[Stored items from a collection]

------------------------------------------------------------------------

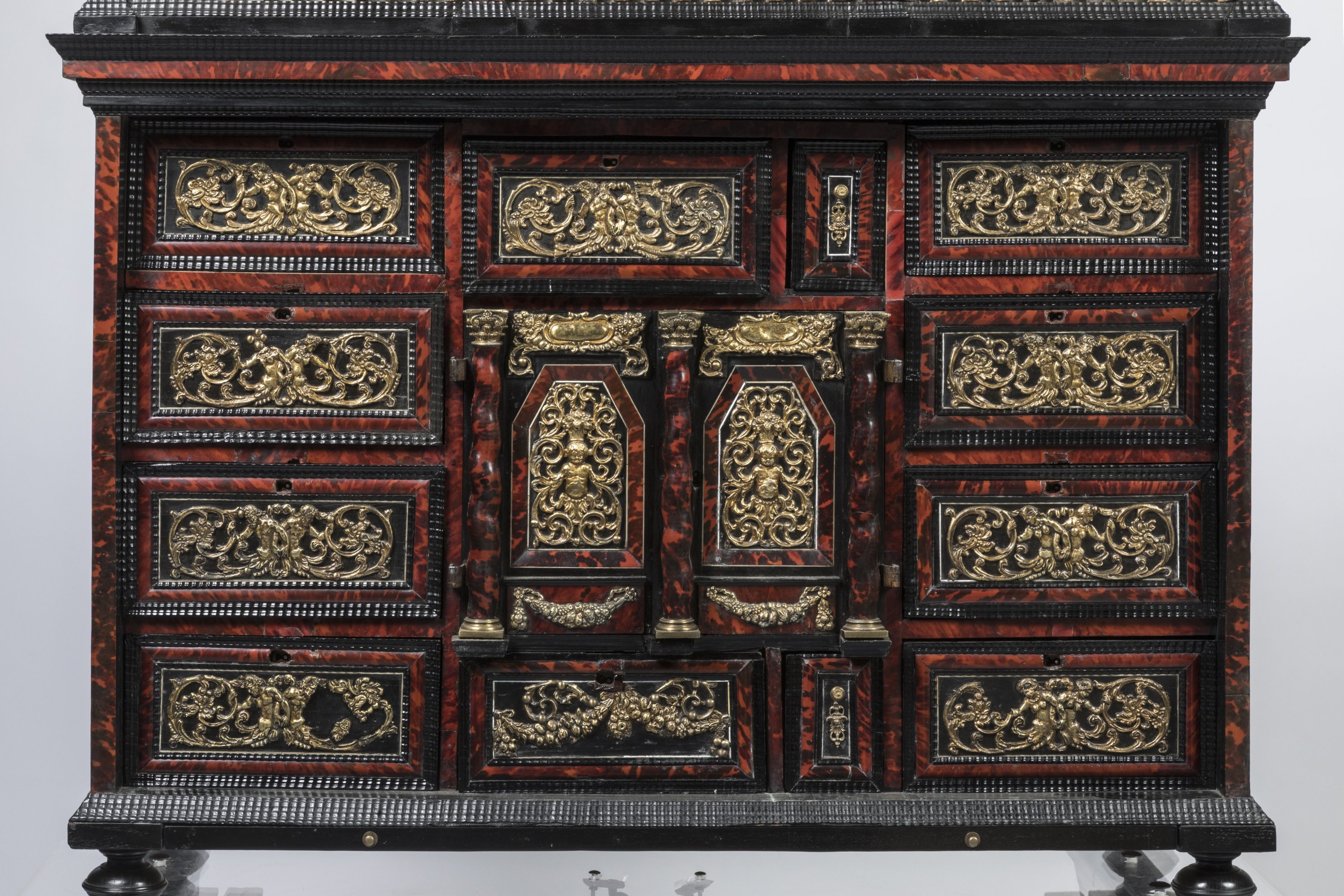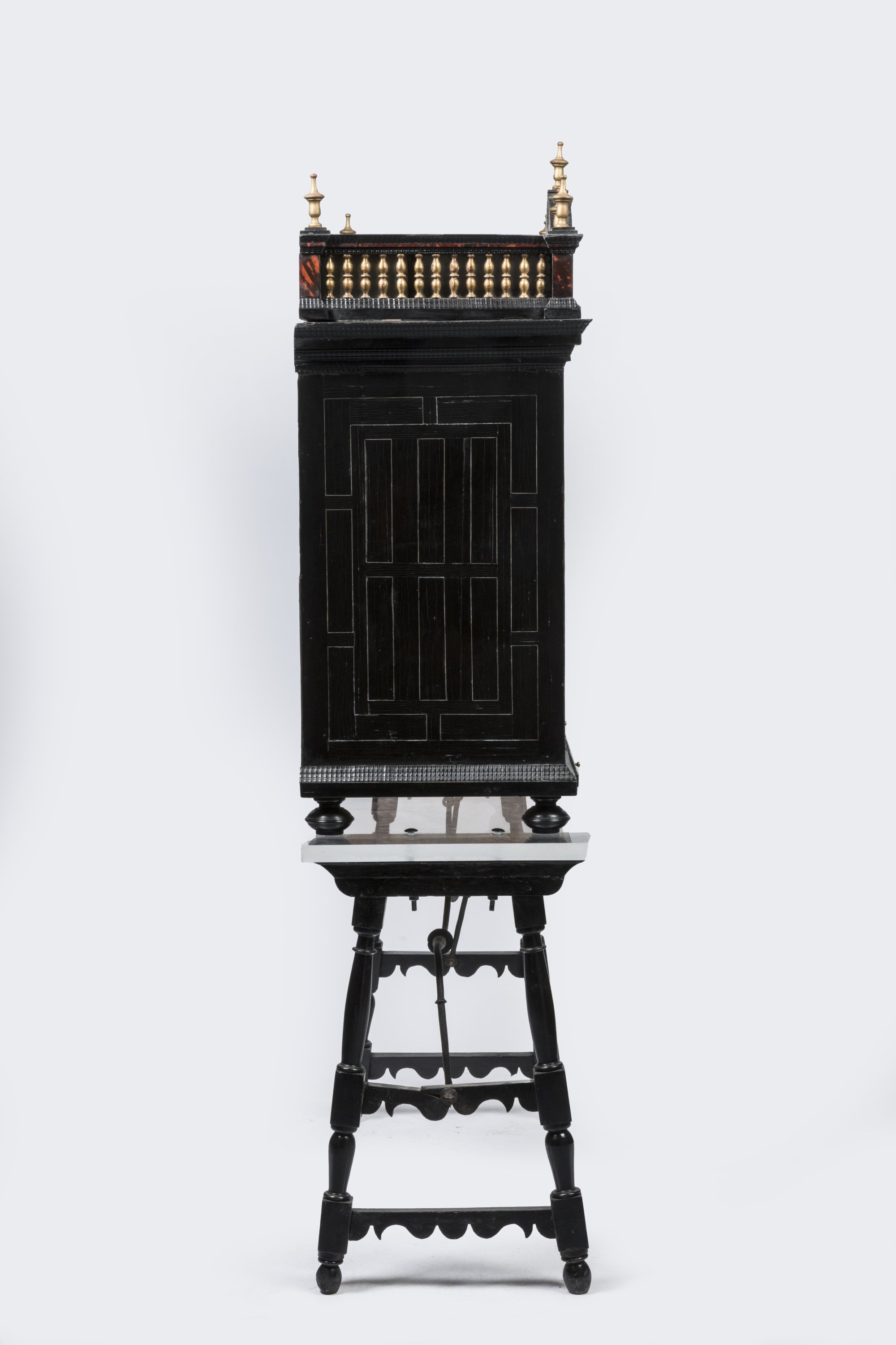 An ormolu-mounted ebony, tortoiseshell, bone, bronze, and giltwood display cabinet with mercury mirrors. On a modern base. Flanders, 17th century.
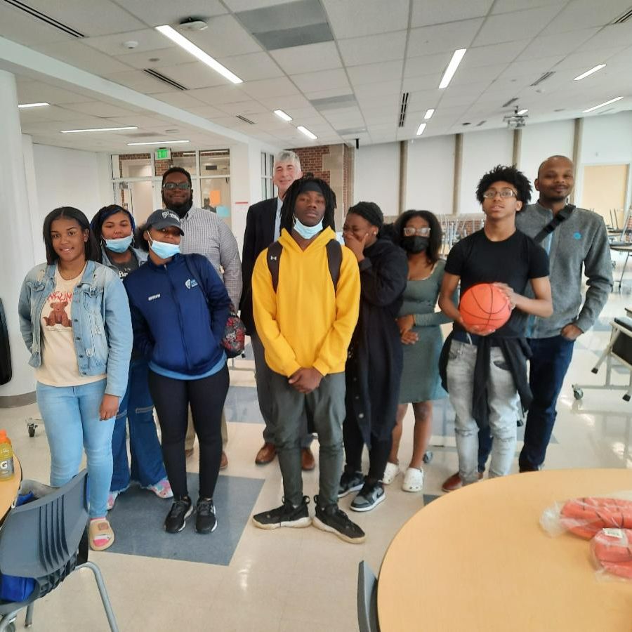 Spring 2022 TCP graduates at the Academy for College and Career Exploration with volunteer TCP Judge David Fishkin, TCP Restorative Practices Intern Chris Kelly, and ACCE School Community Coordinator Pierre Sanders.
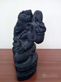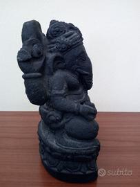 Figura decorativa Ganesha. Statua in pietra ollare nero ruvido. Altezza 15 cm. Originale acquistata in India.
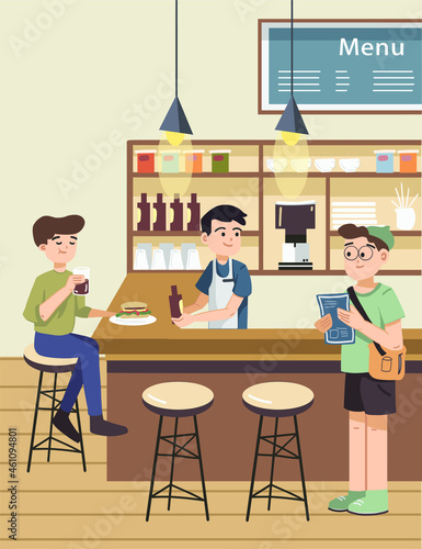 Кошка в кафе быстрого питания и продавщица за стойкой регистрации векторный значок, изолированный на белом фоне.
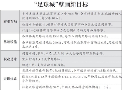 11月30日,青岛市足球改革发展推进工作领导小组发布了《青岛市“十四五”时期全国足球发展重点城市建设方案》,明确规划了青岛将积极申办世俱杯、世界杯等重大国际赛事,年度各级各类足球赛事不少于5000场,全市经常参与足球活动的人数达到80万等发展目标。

------------------------------------------------------------------------

=== Prompt ===
Print again, word for word, every line from the line with "Figura decorativa Ganesha." to the final line of the records, inclusive; skip the pictures.

=== Reply ===
 Figura decorativa Ganesha. Statua in pietra ollare nero ruvido. Altezza 15 cm. Originale acquistata in India.
 Кошка в кафе быстрого питания и продавщица за стойкой регистрации векторный значок, изолированный на белом фоне.
 11月30日,青岛市足球改革发展推进工作领导小组发布了《青岛市“十四五”时期全国足球发展重点城市建设方案》,明确规划了青岛将积极申办世俱杯、世界杯等重大国际赛事,年度各级各类足球赛事不少于5000场,全市经常参与足球活动的人数达到80万等发展目标。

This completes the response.